Most of the best colonial minds of the eighteenth century—Benjamin Franklin the most dedicated of them—did what they could to forestall the American Revolution, urging compromise and conciliation with the Crown until all hope was lost. But once the Revolution came, they did not look back with regret. And once the separation from the mother country was accomplished (with the help of French arms, money, and blood), the question of its necessity never arose. Our Revolution was clearly a good thing—a matter of pride and daring that informs the aspirations and achievements of the American people. But the question of whether the French Revolution was good and necessary is one that still divides France as dramatically as the severance of Louis XVTs bewildered head from his torso. For the French, their Revolution remains “a very great event that took a bad turn.”
Nevertheless, this year France will momentarily put aside its conflicts of ideology—the unending oscillation between the Party of Order and the Party of Revolution that haunts its political life. On July 14, the bicentenary of the fall of the Bastille, the French will embrace the very great event that defined them as a modern state and changed the nature of Europe forever. And Americans will cheer them on even though we, through most of our history, have been deeply disturbed by a convulsion that resembled ours in many of its words and ideals, but not at all in its actions and consequences. For a full picture of just how troubling the French appeared to their fellow revolutionaries on this side of the Atlantic, we recommend the article by Carry Wills that leads this issue.

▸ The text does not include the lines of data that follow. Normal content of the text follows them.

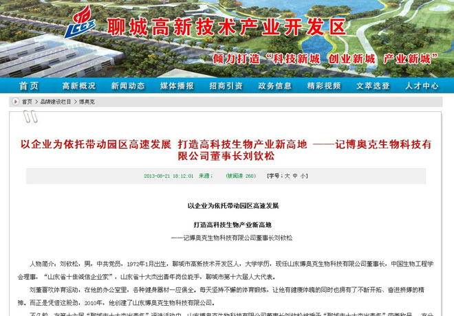2013年,公司經過三年長足發(fā)展,已經成為以研制高新生物產品為主,集研發(fā)、生產、銷售為一體的綜合性高新技術企業(yè)。而且以其為龍頭,在聊城高新技術產業(yè)開發(fā)區(qū)成立了生物科技產業(yè)園,為聊城市的發(fā)展作出了突出貢獻。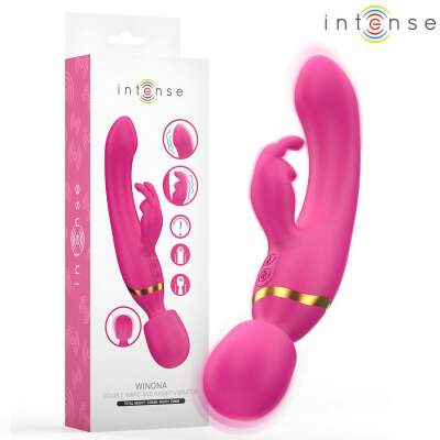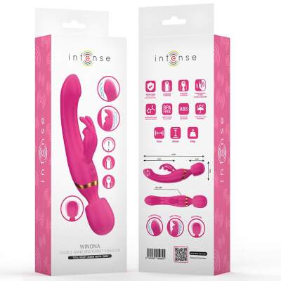Winona Rabbit & Wand double vibrator by Intense is the perfect fusion of technology, design and pleasure. Its innovative 2-in-1 format combines a rabbit-type stimulator with a powerful wand-type vibrator, offering a complete experience to satisfy all your fantasies. Whether for stimulation of the G-spot, the clitoris, or any other erogenous zone, Winona has been designed to adapt to your desires and accompany you in every moment of pleasure.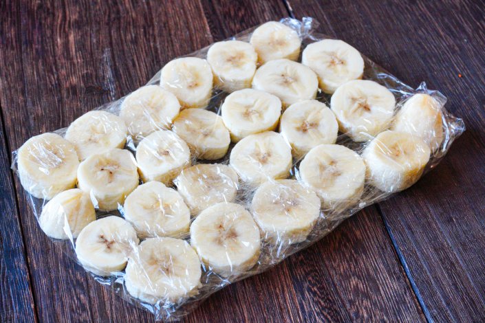 ② バナナは皮をむいて輪切りにし、ラップまたは保存袋に入れて冷凍庫で2時間以上凍らせる。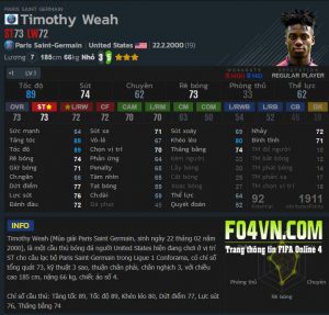Timothy Weah tại PSGCon trai của quả bóng vàng năm 1995, George Weah, đương kim tổng thống Liberia. Giống với ông bố của mình, Timo có cho mình một tốc độ tuyệt vời. 19 tuổi và khoác CLB mạnh nhất nước Pháp. Còn rất nhiều thời gian để cậu bé vươn mình trở lên mạnh mẽ hơn. Biết đâu một ngày nào đó cậu sẽ làm được điều mà người cha vĩ đại đã làm hơn 20 năm trước. Trong Fo4 thì Timo cũng được săn đón rất nhiều, bởi tốc độ mà cậu sở hữu là quá tốt với mức thẻ 73. dễ dàng ép lên cộng cao. Và thi đấu khá tốt so với chỉ số thực tế.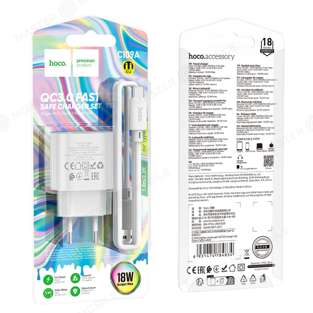 Сетевое зарядное устройство Hoco C109A USB 20W + кабель USB - TypeC (белый)

For Americans today, of course, the French Revolution is no issue at all. When the Germans defeated France in 1871, we lost our fear of her as a threatening, sometimes intrusive and cruel power. In the last quarter of the nineteenth century, indeed, Americans became increasingly enchanted with a French culture that reached astonishing peaks of creativity in the arts and sciences.
In the intervening years, that passion for the culture of France has been fortified by both peacetime and wartime alliances. As in many alliances, there is irritation and condescension on both sides, but the essential friendship prevails. I remember a scene that repeated itself in my home for several nights in a row during the months of May and June 1940. While the Wehrmacht roared toward Paris, my father, a man who knew almost nothing about France apart from the operas he loved, would slam his fist on the kitchen table and say, “France will never fall!” I like to think he spoke unknowingly for all Americans. It was an article of faith, one that was confirmed in fact a few hard years later.